# What this task involves:
Repeat the records below exactly from the line containing "бежевый вафельный трикотаж, круглый" to the line containing "Find a clean", taking in both of those lines. Drop the pictures.

━━━ Recorded data

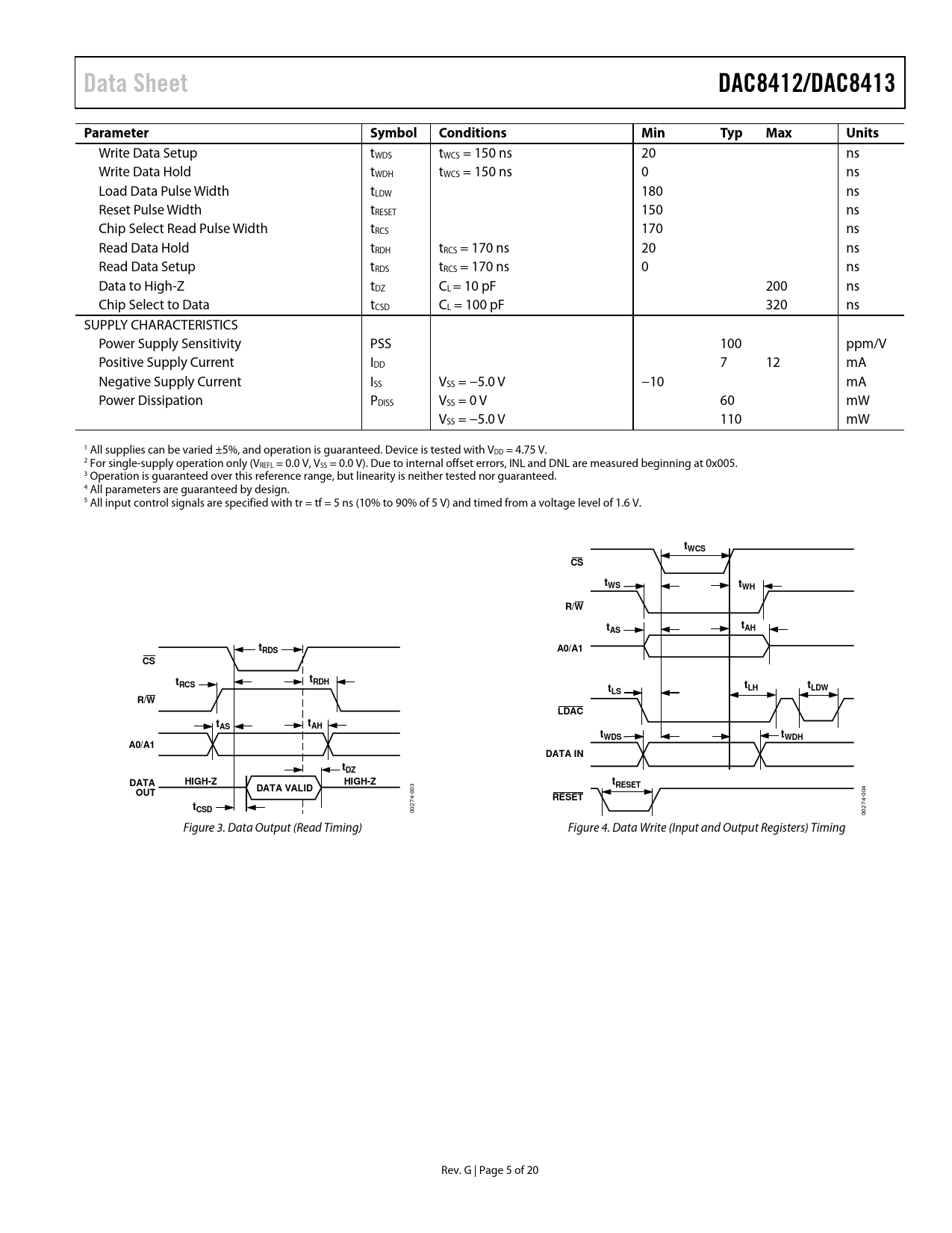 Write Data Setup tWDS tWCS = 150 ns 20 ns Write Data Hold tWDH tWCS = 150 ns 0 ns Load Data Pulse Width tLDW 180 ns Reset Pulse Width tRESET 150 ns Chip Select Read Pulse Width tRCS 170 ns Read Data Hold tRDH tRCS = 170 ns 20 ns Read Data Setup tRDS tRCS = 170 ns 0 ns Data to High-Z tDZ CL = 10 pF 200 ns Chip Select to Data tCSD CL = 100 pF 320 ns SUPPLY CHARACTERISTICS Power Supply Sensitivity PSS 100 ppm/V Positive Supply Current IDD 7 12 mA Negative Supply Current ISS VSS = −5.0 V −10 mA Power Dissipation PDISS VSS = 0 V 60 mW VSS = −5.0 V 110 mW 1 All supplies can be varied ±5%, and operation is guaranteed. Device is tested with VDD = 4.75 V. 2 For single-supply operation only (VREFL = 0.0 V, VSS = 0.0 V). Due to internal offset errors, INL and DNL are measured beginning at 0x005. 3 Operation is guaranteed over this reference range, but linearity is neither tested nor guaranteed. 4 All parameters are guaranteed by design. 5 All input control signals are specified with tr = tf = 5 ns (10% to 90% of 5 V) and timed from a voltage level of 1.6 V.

━━━━━━
━━━ Recorded data

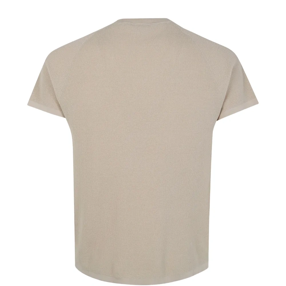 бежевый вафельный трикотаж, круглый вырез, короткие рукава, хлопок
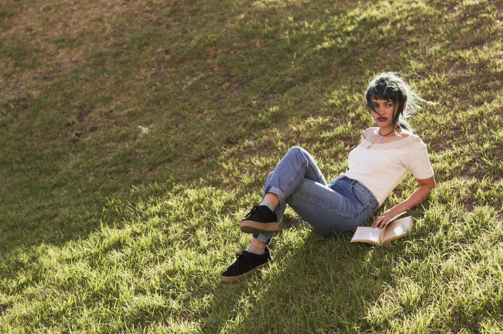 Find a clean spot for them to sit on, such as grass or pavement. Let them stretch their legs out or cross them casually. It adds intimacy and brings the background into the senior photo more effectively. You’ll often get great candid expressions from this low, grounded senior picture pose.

━━━━━━
━━━ Recorded data

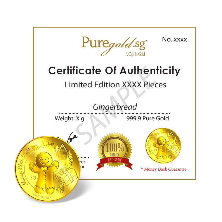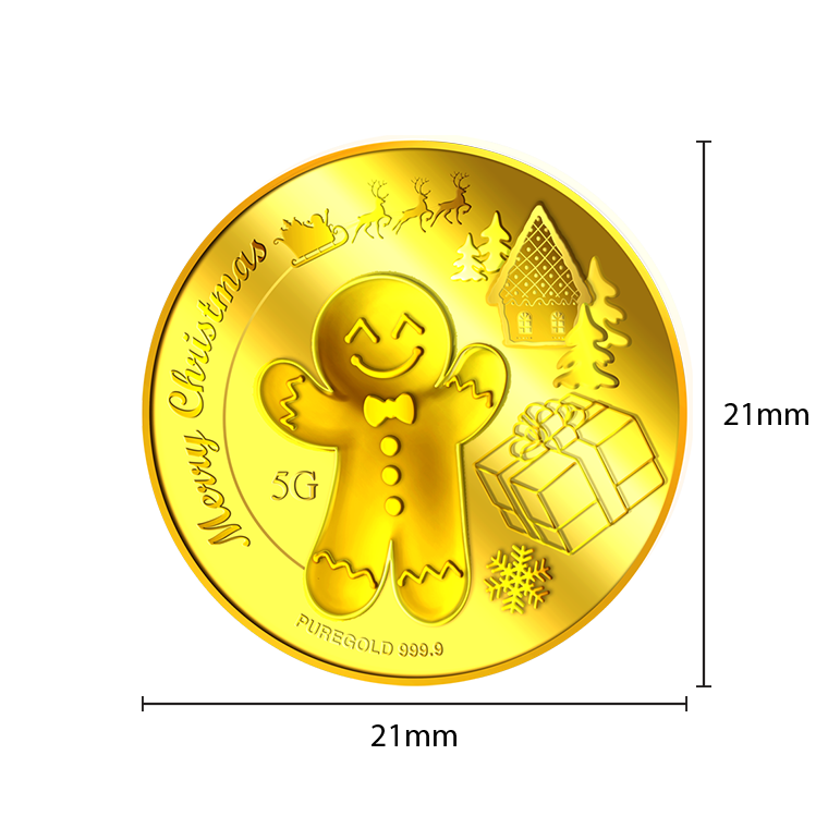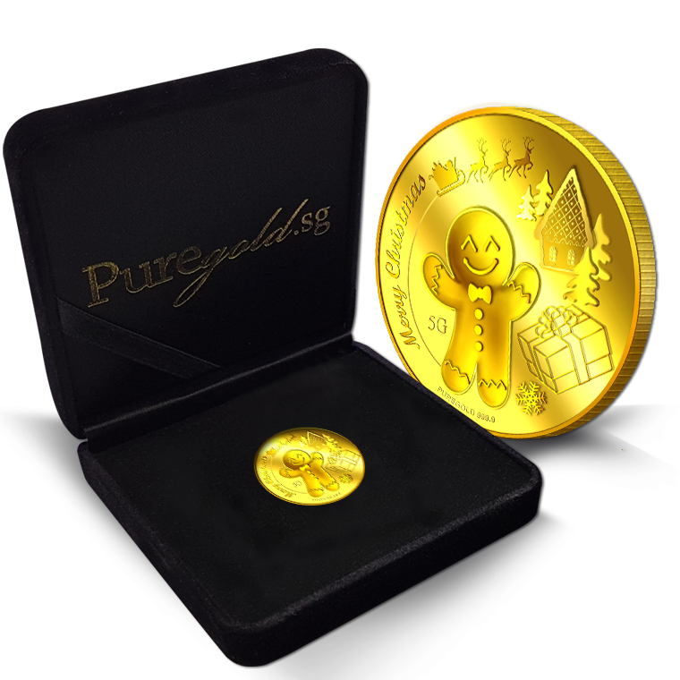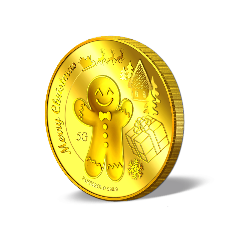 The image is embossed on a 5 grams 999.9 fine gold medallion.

━━━━━━

# Answer space:
 бежевый вафельный трикотаж, круглый вырез, короткие рукава, хлопок
 Find a clean spot for them to sit on, such as grass or pavement. Let them stretch their legs out or cross them casually. It adds intimacy and brings the background into the senior photo more effectively. You’ll often get great candid expressions from this low, grounded senior picture pose.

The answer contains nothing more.